It just hurts

United States
September 14, 2009 10:43pm CST
I keep trying to do things to occupy my time and keep my mind off of my breakup but it hurts so much. I sent him some of his things and I've never heard anything back. I know it's inevitable but I really am never going to hear from him again. How do you cope with that? He is leaving the country, and I will never see him, speak to him, hear from him in anyway. It makes me sad and I'm not sure what to do sometimes.
2 people like this
11 responses
• India
15 Sep 09
Breaking up is bad. I wish it never happens to anyone. However the facts are that breakups do take place. The inevitable will happen. The only way to overcome a breakup is to give it time. Time heals all wounds. All of us lose a parent or a near one some time or the other in life. We think that things will never be the same ever again, but life limps back to normal. Give the would time to heal.
1 person likes this
@musicman6 (2406)
• United States
15 Sep 09
Well this is something that I seem to have been through several times! I've been there. It does hurt! It does occupy your mind 24/7 for a long time! I think that sometimes, you even feel like just a rag! And there is no easy way out! But luckily, the experiences that I have been through have taught me how to get through times like these, I just wish I could have known them when I was younger! The best way to get over these episodes, is just try to keep on going, and also try to get involved in helping others, whether they need help with a bad relationship, an emotional shoulder to cry on, or just a companion help! When you help others, it will relieve your mind from your own troubles, and make you stronger! It may even make your troubles seem less than anybody else! You will even learn or see valuable realizations when you divert your attention to helping others! And the best of all, it will make you proud of yourself, and give you confidence to tackle any 'feel sorry for yourself feelings'! And then time, will heal your hurt, and it will make those memories not seem as harsh, but merely just another part of life! Trust me, I've been there, I didn't think I could make it by myself, but I did, and now I am here to tell about it, and it doesn't hurt anymore!
1 person likes this
@dozhou (326)
• United States
16 Sep 09
In the world there is only one thing to cure your hurt: time. Gradually, you will forget him. He is part of your life, not all of it. You will meet another nice guy in the near future. Everything will be fine. Love is a sweet torment. I know you feel it right now.
@asweetie (1187)
• India
16 Sep 09
hi bluehibiscus, I am sorry that you have to go through all this. I have seen a friend of mine who just couldnt bear the thought of his girl leaving him and was very very emotional about it. I think if i look at him than i can feel what you are feeling . Well one thing is for sure , if the giy doesnt respond back no one can do anything about it. Time is a big healer and soon i dont say memories would go away but they would fade a lot. The pain would go away totally and if not totally then it wont hurt atleast.
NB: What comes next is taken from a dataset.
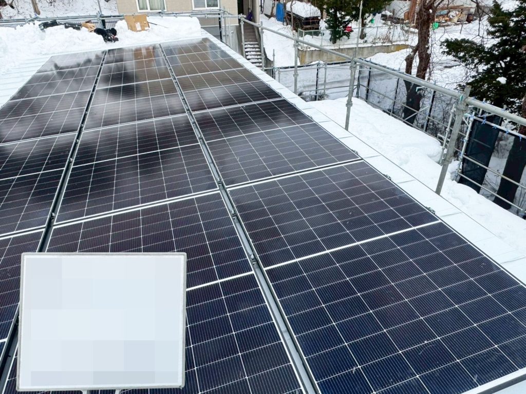 HOME > 施工事例 > 施工事例 太陽光パネル設置工事(札幌市西区K様) 2025年12月17日 ハウスメーカーの新築工事・太陽光発電システムの販売・施工実例をご紹介 太陽光パネルの設置 4.5KW(パネル12枚) 屋根工事+太陽光設置工事も北日本屋根におまかせください! -施工事例 -太陽光システム
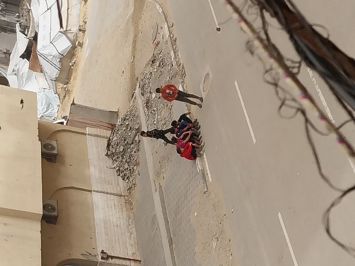 An aerial perspective captures a street scene in Khan Yunis, Palestinian Territory. The paved road features two parallel white lane markings. On the left, a concrete curb separates the road from a light-colored sidewalk. Five children are seated along this curb, some wearing red tops. A sixth child, wearing a red top and dark pants, stands on the road, facing the seated group. A seventh child, dressed in dark clothing, walks on the sidewalk, positioned next to a substantial pile of concrete and soil debris. The lower section of a light-colored building, featuring a stone veneer base and two external air conditioning units, is visible on the far left. In the upper right background, multiple white tarpaulin tents are visible on sandy, unpaved terrain, indicating an informal settlement. The immediate foreground contains out-of-focus bundles of dark wires with interspersed colored segments.

You would soon see your smile returning and may be a better guy in all respect would come soon and you would be very happy again and that guy might regret his decision ( to hurt you and leave you)all his life.
• Philippines
15 Sep 09
a breakup is never a happy event. it surely makes both parties sad. but things happen and things just sometimes do not work out well. i know it is still hurting to both parties. lucky are the ones who have never experienced breakups. and to the not-so-lucky who had experienced, we should be assured of the fact that a lot undergo breakup, not just us. we should rest on the fact that things happen for a reason. it will not be easy now or in the immediate coming days, that is sure to happen. but rest assured that as days go by, the pain will be diminished each day. try to divert ur attention to things that help u forget about the breakup. go out with friends and enjoy. there is always a better guy destined to be with u. as for now, let things be and wait ... he may be the same good guy (becoming better) coming back into ur life or someone new for u. move on. time heals all wounds.
1 person likes this
@jenlex79 (256)
• United States
15 Sep 09
Only time will heal you. I was in a situation a few months ago where I dated a man and started having feelings for him. He went to California (I live in Florida) and wouldn't call me, so I thought something happened to him. No, he decided to get back together with an ex-girlfriend and didn't want to tell me. His girlfriend called me to tell me the news, it was horible. I cried for 2 days and started to realize that he was just a jerk, why should I waste my tears on him. You will be able to move on, but everyone does it at a different pace. Just keep your head up. Things will get better.
1 person likes this
@shorty08322 (1270)
• United States
16 Sep 09
just move on get over him if he want you he comeback to you if nt move on keep it going do what you have to do
@smileonstar (4007)
• United States
15 Sep 09
hello, I know it hurts so much when you meet this kind of situation. My husband and I, when we were boyfriend and girlfriend, we almost broke up once but I dont know why he turned back to me. It made me felt like someone push from a 10storys building... all I thought was falling so fast and I couldn't think, couldn't move... very stressful time. we loved each other so much and we fought so much, and the reason we broke up cuz his mom blame on him that he always gave me a hard time... so it was difficult time for him and me as well... I told him to take a break and moved on. he lived in different country from mind and my plan was let him moved on and I would left there and never came back again. I rather hurt. But 2 days before my travel back home, he came to me and asked me out for the last time. I did went out with him and I gave him everything He gave me... my heart was totally broke and hurt so bad, but I know to do this just to release your hurt right? however, it just hurt u more than ever. He didn't say but accepted what I gave. Back to your story, if he left already then you have to take time to be yourself... go out and have fun with friends, tell your close friend about him. it will help you release from this. Or just hand out with your family... I know it takes time but it will go away soon once you know how to give your time a value time.
@Bluepatch (2476)
• Trinidad And Tobago
15 Sep 09
I know this well. I went through it about three times and did it to someone else once that I know off. Basically you just have to wait for the grief to go. Meanwhile try to have some fun. Hang out and go to the movies and watch a lot of favourite TV shows and stuff.
@doryvien (2284)
• United States
15 Sep 09
Hi blue, When you broke up and there seem no hope of getting back together, it's time to move on. Easier said than done, I know, but that is the only way to go back to life again. You said he's leaving the country, that gives you an even slimmer chance of having him back, unless he gave you a hint that he will come back no matter what. Go out with friends, these are the days when you will appreciate the presence of friends who have taken the back seat when you were so preoccupied with your love. Meet new people, who knows, you might just find the right one for you this time.
• United States
15 Sep 09
Hey blue, breaking up is hard! Its never easy! But don't worry! As time passes the pain will go away! So don't dwell on him as much! There are a lot more fish in the sea and I am sure you will have no problem finding someone! You just take care of yourself!